C’è una donna sola per
le strade deserte di Istanbul. Sta cercando di tornare a casa, ma non riesce
più a orientarsi. Le vie un tempo conosciute le sembrano deformate e
irriconoscibili. Al suo fianco un cane randagio che, fiutando il suo
smarrimento, la guida fino a un incrocio. Adesso tocca a lei scegliere la
strada da imboccare, nessuno può indicargliela: può assecondare il silenzio che
domina ovunque o può abbatterlo con la forza delle parole. Quella donna è Aslı
Erdoğan e all’alba del 16 luglio 2016, all’indomani del cruento tentativo di
colpo di stato e nonostante l’imminente repressione dei diritti civili in
Turchia, decide di non cedere all’indifferenza, ma di far sentire la propria
voce. Decide di essere la prima donna a non avere paura di spezzare quel
silenzio assordante, simbolo di un dolore troppo grande da ignorare. Perché non
può e non vuole far finta di niente di fronte alla violenza cieca di un governo
fin troppo abile nel mettere a tacere i testimoni scomodi. E sa bene che c’è
solo un modo per farlo: guardare negli occhi una realtà indicibile alla ricerca
di quelle parole che possano generare un grido di indignazione. Un grido di
denuncia contro la falsità del potere che priva i cittadini dei loro diritti.
Un grido di resilienza contro l’assurdità della condizione umana. Per non
essere complice dei colpi che hanno spezzato la vita di donne e bambini
innocenti. Per non decidere della sorte di centinaia di uomini che con fatica e
dignità cercano di rialzare la testa sotto cumuli di macerie.
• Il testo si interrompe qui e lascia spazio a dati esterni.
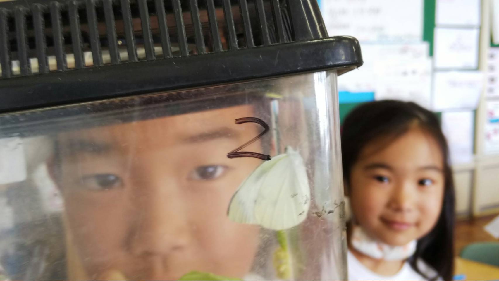 虫かごの向こうから、じーっと見つめる真剣な表情。
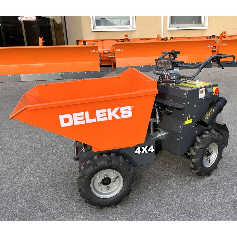Ideale per professionisti e privati, Deleks XE-4WD combina potenza, versatilità e comfort in una macchina progettata per ottimizzare il trasporto di materiali in ambienti di costruzione, giardinaggio o manutenzione.
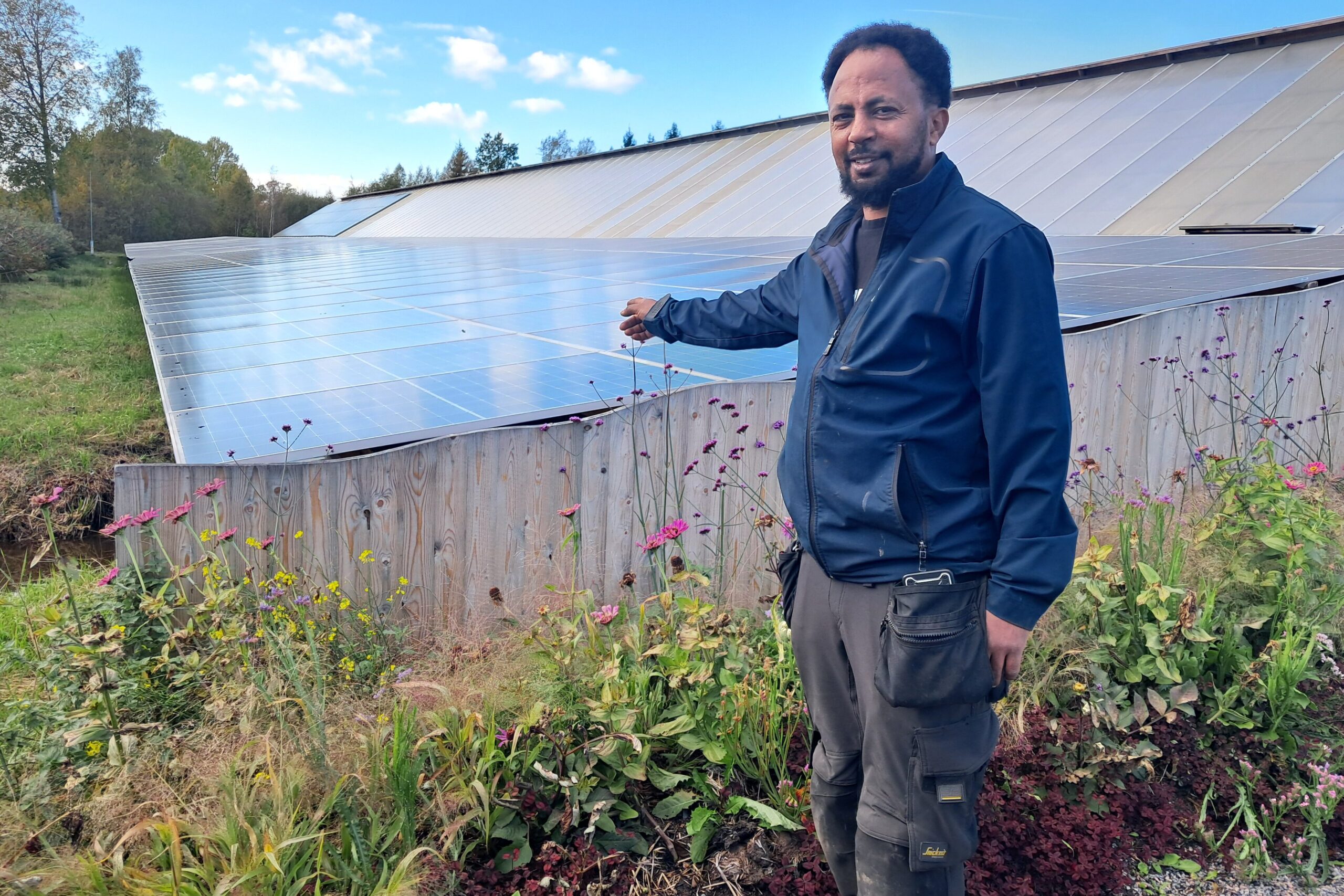Abraham Tesfaldet har arbetat här i solparken i över tio år. Han visar runt bland raderna av solpaneler och berättar hur han och kollegorna byggt ut parken under året.
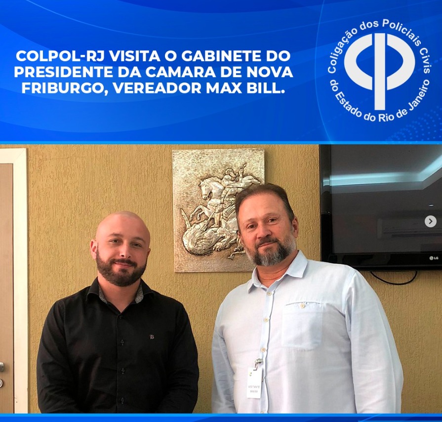 COLPOL-RJ, representada pelo Presidente Fábio Neira e o Diretor de Interesse de classe, Comissário Márcio Garcia, em mais uma visita para prestigiar o Presidente da Câmara de Nova Friburgo, Vereador Max Bill, para Reunião sobre assuntos relacionados a categoria dos Policiais Civis.
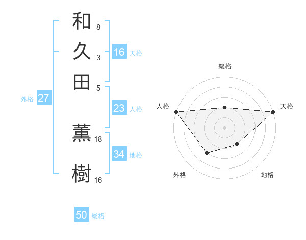 和久田 薫樹さんを姓名の画数から五運を鑑定
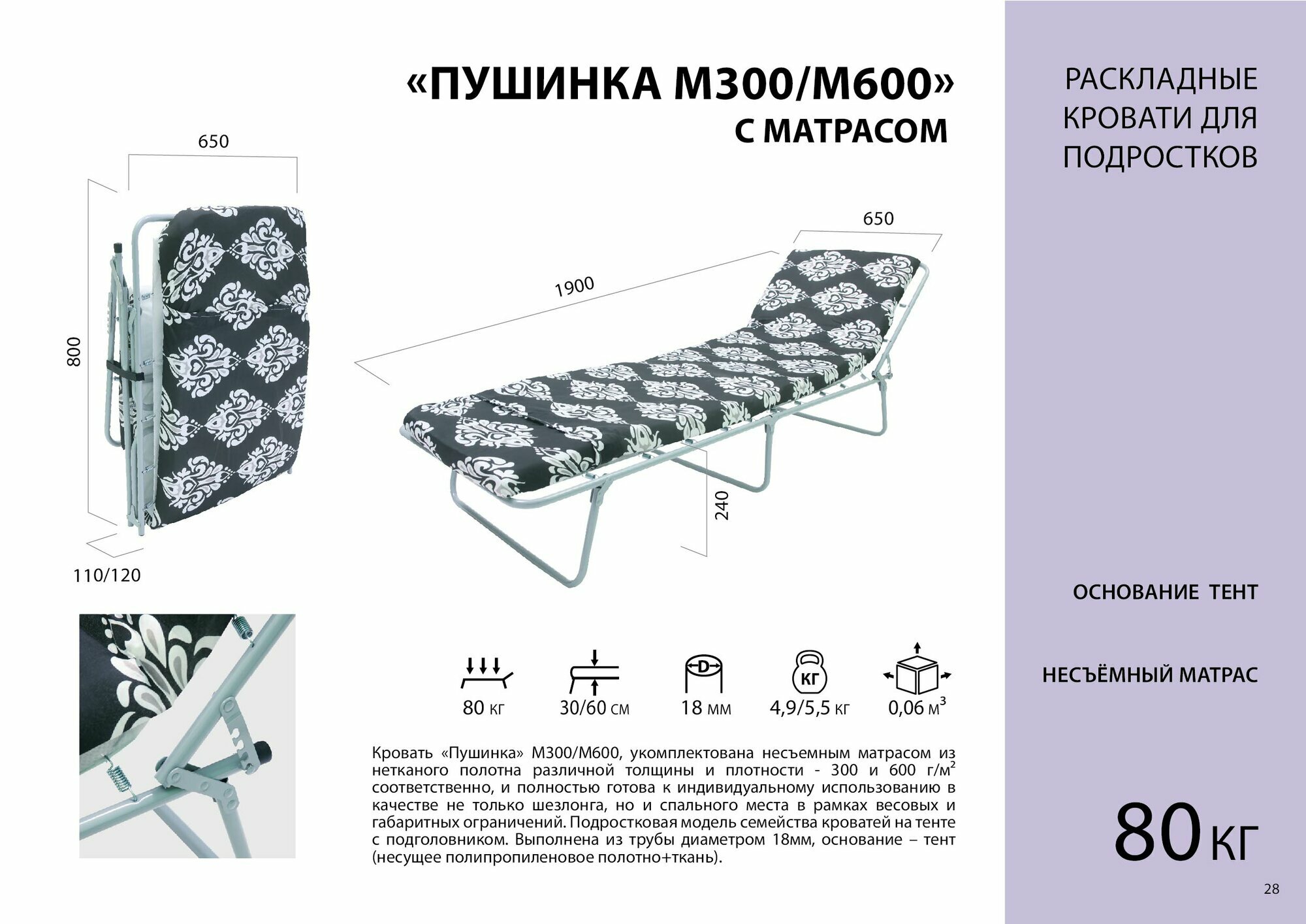Кровать раскладная (раскладушка) для детей и подростков "Пушинка М600" с подголовником с матрасом купить интересное:

Per colmare quel
vuoto lasciato da uno stato tiranno e restituire a ogni singolo cittadino,
senza distinzione, ciò che gli spetta di diritto: libertà, uguaglianza, verità.
Nell’agosto 2016, proprio a seguito della sua attività di scrittrice, Aslı
Erdoğan è stata arrestata e ha trascorso 136 giorni nella prigione di Bakırköy.
Il suo unico delitto: aver osato rivendicare dalle colonne di un giornale
pro-curdo la libertà di opinione e di denuncia degli orrori del governo.
Neppure il silenzio è più tuo raccoglie alcune delle sue pagine più belle nelle
quali la scrittrice e giornalista diventa emblema della resistenza femminile e
grida gli ideali che animano la propria lotta intellettuale e assoluta. Nella
speranza che quest’opera possa davvero sgretolare il silenzio, almeno là dove
le sue parole hanno ancora diritto di cittadinanza.